So, yesterday I was able to finally take down my Christmas Decor….and I have to tell you that it was so awesome. I only have 11 boxes of decor now….and I have to tell you that I’m so sad that it has taken me so long to figure that out….that less is more. That my house still looks just as amazing with 11 boxes of decor, as it did with almost 50 boxes of decor. Our Christmas is still magical…and my kids are just as happy….in fact, they are happier….because we are done with putting up decor in two hours….instead of all day. The decor still sits on the front porch, along with our Christmas lights (and they will stay as long as we have zero to below zero weather). Today….began our trip to Ikea (its been two years) and it was just as lovely as always. I never have enough time….but I had a list….and I stuck to it. My daughter has outgrown her cute little chair….and we needed supplies for starting up with school again. It was a worthwhile trip…and one that I enjoyed with my girl!
On my way home….I was reflecting on how that today was the last day that probably I would have two kids in the car….going on an errand with me. We had stopped at KC strings to have my daughters violin serviced…and again we had been asked the question that stops everyone in their tracks….”Where do you go to school?”…..my daughters sweet voice “I am homeschooled.” The look….we all know the look….and we hold our breath….yes….I make my own soap…and sometimes my own bread…but my kids are used to speaking to other people….and we let them out of the basement every once in awhile (please note that that is sarcasm) 🙂
I was realizing today….the things that I have not done with my daughter….that I missed with my son….and guilt….it washes over me almost daily.
Guilt…all these amazing activities that I am not able to take my daughter to…is she missing out? I’m called to our place of business..so there is only so much free time that I have. The other days we are doing school, or working on charity work….or participating with church activities, or her beloved American Heritage Girls….and I say to myself…how could I possibly fill this up with more?
I look at my son….he is finishing his last year of school at the local public school….I think about all the mistakes I have made. I should have had him work harder in math, or do more in writing….I didn’t have him read enough….or this or that….and the guilt continually goes on.
Here’s the truth….we as homeschool Moms have this constant need to never feel happy. We feel that we have to work harder than anyone else. We feel guilty that our kids might not possibly be social enough, or work hard enough in school…..we didn’t join enough clubs…or we needed to drive an hour away for our kids to get in a better sports program. I say UNCLE!

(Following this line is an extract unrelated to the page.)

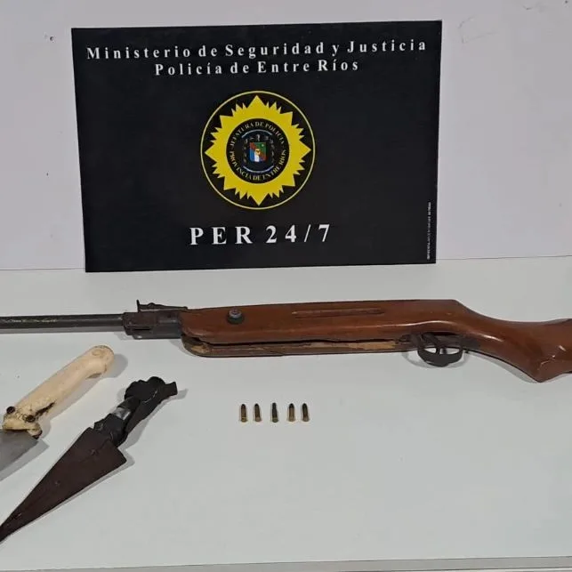 Al llegar al lugar, los efectivos policiales identificaron a los cuatro individuos y secuestraron un rifle de aire comprimido modificado y tres cuchillos.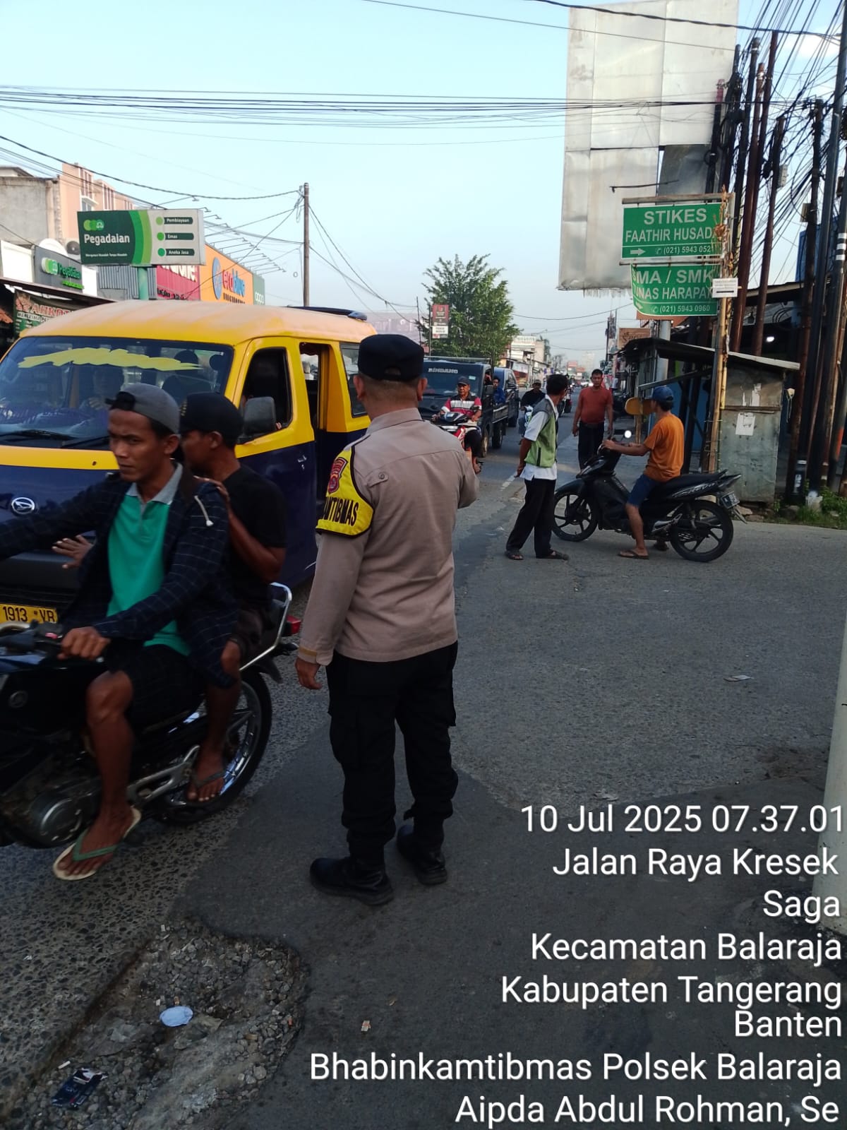 Ceklisdua.net, Kabupaten Tangerang – Anggota Bhabinkamtibmas Polsek Balaraja Aipda Abdul Rohman SE melakukan pengaturan lalu lintas Pagi Hari Demi terwujudnya Pelayanan Prima di Wilayah Jalan Raya Kresek Perempatan Saga Kecamatan Balaraja Wilayah Hukum Polsek Balaraja Polresta Tangerang. Kamis (10/07/2025).

I as a parent….taught my kid to read, do math, write in an expressive and grammatically correct manner. My child knows how to clean bathrooms, clean his room and drive. He can balance a checkbook, he makes good grades….and he doesn’t seem to be socially damaged. He can argue effectively….seems to have a good head on his shoulders….owns up to his mistakes….and seems to want to do the right thing.
Perhaps I should have spent more time going over music and art appreciation. I should have spent more time reading more books and learning more in literature….I should have started with a better tutor for math….I should have allowed him to go to a public school two years earlier than I did….or maybe I should not have??? I will never know. I look at my daughter…and wonder if I should focus more on this or that…or put her in more activities..
I am never happy….I feel this urge to constantly have people say….you did it! You did a great job….but why? Why do I feel this urge….this need….this panic????
My theme for this year….is “Just Breathe”
When we do school each day and enjoy our curriculum…..I’m just going to breathe. When my son goes to school and decides on the college and his major….and goes off to school in his car….and waves goodbye to me….I’m just going to breathe. When my daughter gets up in front of her American Heritage Girls troop and runs to the front like I’ve never taught her how to walk properly….I’m just going to breathe. When she stands up with her violin and performs for her recital….I’m just going to breathe. When my son runs for track….I’m just going to breathe.
There are no gold medals given to Moms on the sidelines…..only to our kids…..and my value and worth….is not in how well my kids have done in life.
I as a homeschool parent have done things to the best of my ability and knowledge at the time I had the decision and time to do so. If I could go back…there are things that I would change….but there are many that I would not.
The best days of homeschooling….was when I decided to learn about composers…and I would read about them as they would color the pictures of the composers and we would listen to classical music….they became close to one another…and truly learned a lot. It wasn’t anything at all that we had to do….it was just something that I wanted to achieve. The beauty of homeschooling comes in the times that I have decided….to Just Breathe.
To my fellow homeschool Moms….we got this….Just Breathe.